▶ Input data
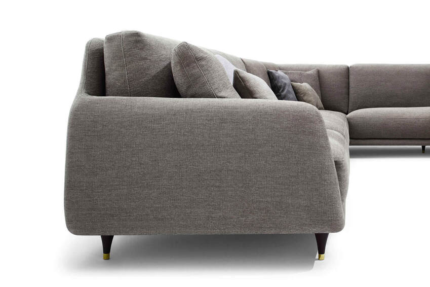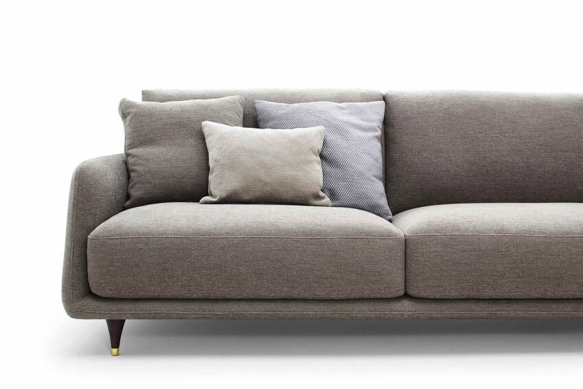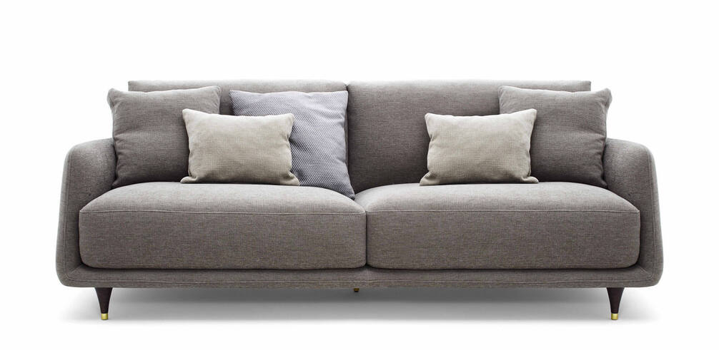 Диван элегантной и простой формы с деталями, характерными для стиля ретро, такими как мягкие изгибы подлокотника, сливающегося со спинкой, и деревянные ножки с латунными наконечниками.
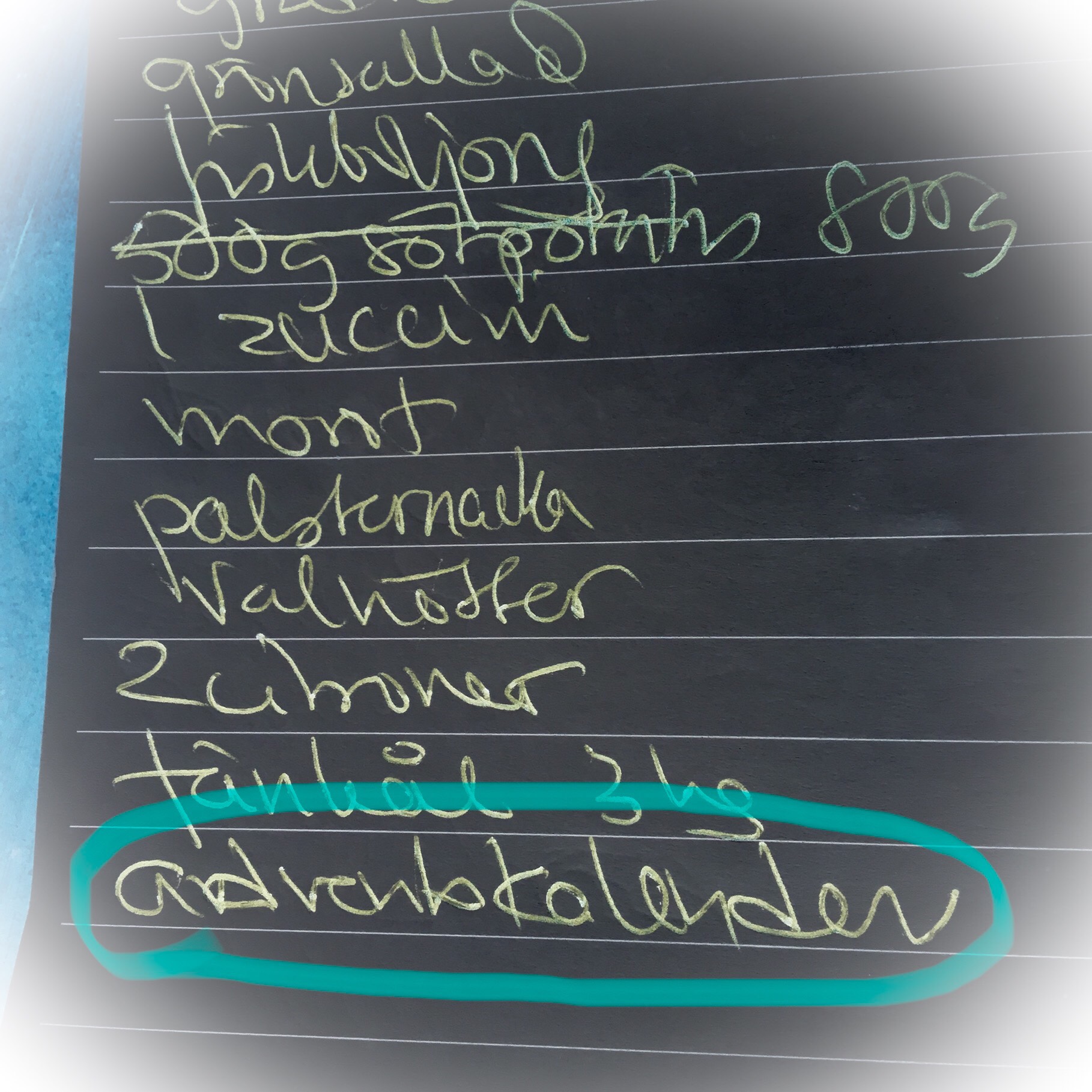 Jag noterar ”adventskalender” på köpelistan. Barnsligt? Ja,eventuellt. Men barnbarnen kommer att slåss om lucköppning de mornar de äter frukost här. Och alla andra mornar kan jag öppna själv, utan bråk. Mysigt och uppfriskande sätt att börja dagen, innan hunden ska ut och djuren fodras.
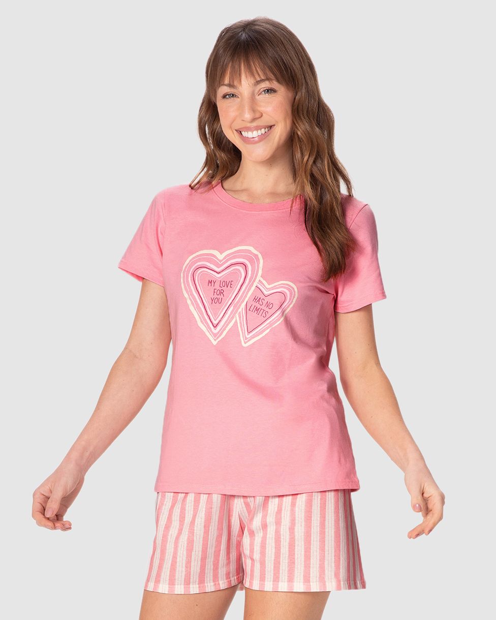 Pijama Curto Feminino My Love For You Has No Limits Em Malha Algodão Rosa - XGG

▶ Work to complete
Reproduce the material exactly. Pictures stay out.

▶ Completed task
 Диван элегантной и простой формы с деталями, характерными для стиля ретро, такими как мягкие изгибы подлокотника, сливающегося со спинкой, и деревянные ножки с латунными наконечниками.
 Jag noterar ”adventskalender” på köpelistan. Barnsligt? Ja,eventuellt. Men barnbarnen kommer att slåss om lucköppning de mornar de äter frukost här. Och alla andra mornar kan jag öppna själv, utan bråk. Mysigt och uppfriskande sätt att börja dagen, innan hunden ska ut och djuren fodras.
 Pijama Curto Feminino My Love For You Has No Limits Em Malha Algodão Rosa - XGG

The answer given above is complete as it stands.